Burada mesele kazanmak değil, “yaşanabilir bir çözüm” bulmak.

---

Eleştirel Analiz: Hukuk Neden Bu Kadar Katı?

Benim en çok eleştirdiğim nokta şu: Hukuk çoğu zaman hayatın esnekliğine ayak uyduramıyor. İnsan ilişkilerinde her şey akışkan; dün istediğiniz yarın fazla gelebiliyor. Davacı talebini düşürmek istiyorsa, neden illa feragat prosedürü gibi daha karmaşık bir yola başvursun? Islah gibi pratik bir yol varken bu kapının kapatılması, bana gereksiz formalizm gibi geliyor.

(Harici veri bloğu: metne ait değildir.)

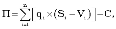 где qi - количество реализуемых изданий i-го вида; n - количество видов реализуемых изданий; Si - цена реализации i-го издания; Vi - переменные расходы в расчете на одно i-е издание; С - постоянные расходы предприятия.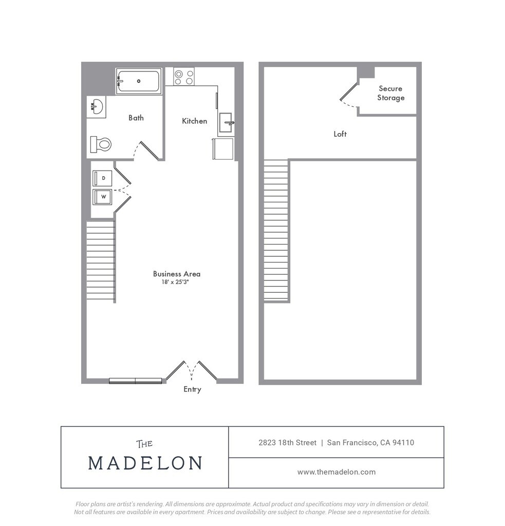 Classic Studio, One Bedroom, and Two Bedroom apartments in the Mission District of San Francisco. Ground floor lofts in which you can make, sell, and live. New housing in a storied 19th century neighborhood. Walk on quiet residential streets to shops, restaurants, bars, gyms, theaters and parks. Bike or BART downtown. Get easily on 101 if you must. Parking available.

Diğer yandan hukukçuların kaygısı da anlaşılır: Eğer herkes ıslahla talep küçültürse, dava konusu sürekli değişir ve yargılama güvenliği zedelenir. Yani mesele sadece bireysel hak değil, sistemin düzeni de. İşte burada kişisel özgürlük ile kamusal düzen çatışıyor.

---

Pratikte Karşılaşılan Sorunlar

- Bir davacı fazla bir talepte bulunmuş, sonra fark etmiş ki aslında bu kadarını kazanma ihtimali yok.

- Talebi küçültmek istiyor ama avukatı “Bunu ıslahla yapamazsın, feragat etmen lazım” diyor.

- Feragat ederse, tekrar talep hakkı doğmuyor; yani geri dönüş yok.

Burada büyük bir ikilem var: İnsanların esnekliğini kısıtlayan bir mekanizma, adalet duygusunu zedeleyebiliyor.

---

Forum İçin Tartışma Soruları

- Sizce bir davacı, talebini küçültmek istediğinde ıslahı kullanabilmeli mi?

- Hukukun bu kadar katı ve teknik olması, adalet duygusuna zarar verir mi?

- Stratejik açıdan bakınca mı, empatik açıdan bakınca mı daha adil sonuçlar doğar?

- Hayatın akışkanlığına uygun esneklik sağlamak mı, yoksa sistemin düzenini korumak mı öncelikli olmalı?

---

Sonuç: İki Perspektifin Çatışması

Bu tartışmada gördüğüm şey şu: Erkeklerin çözüm odaklı stratejik yaklaşımı, “nasıl daha verimli oluruz?” diye sorarken; kadınların empatik ve ilişkisel yaklaşımı, “nasıl daha adil ve barışçıl oluruz?” diye soruyor. Aslında ikisi de önemli.

Bana kalırsa ıslah dilekçesinin talebi küçültmeye izin vermemesi, pratikte davacıyı köşeye sıkıştırıyor. Hayatın gerçeği, taleplerin değişebileceği yönünde. Hukukun ise biraz daha insana yaklaşması gerektiğini düşünüyorum.

---

Kapanış: Irmak Gibi Akan Bir Hukuk Mümkün mü?

Hukuk, katı duvarlarla örülü bir bina gibi olmamalı. Daha çok bir ırmak gibi akmalı: yön değiştirebilen ama yatağını da koruyan. Islah meselesi, bize bu dengeyi bir kez daha düşündürüyor.

Şimdi top sizde forum ahalisi: Sizce adalet dediğimiz şey, katı kurallarda mı saklıdır, yoksa empati ve esneklikle mi şekillenir?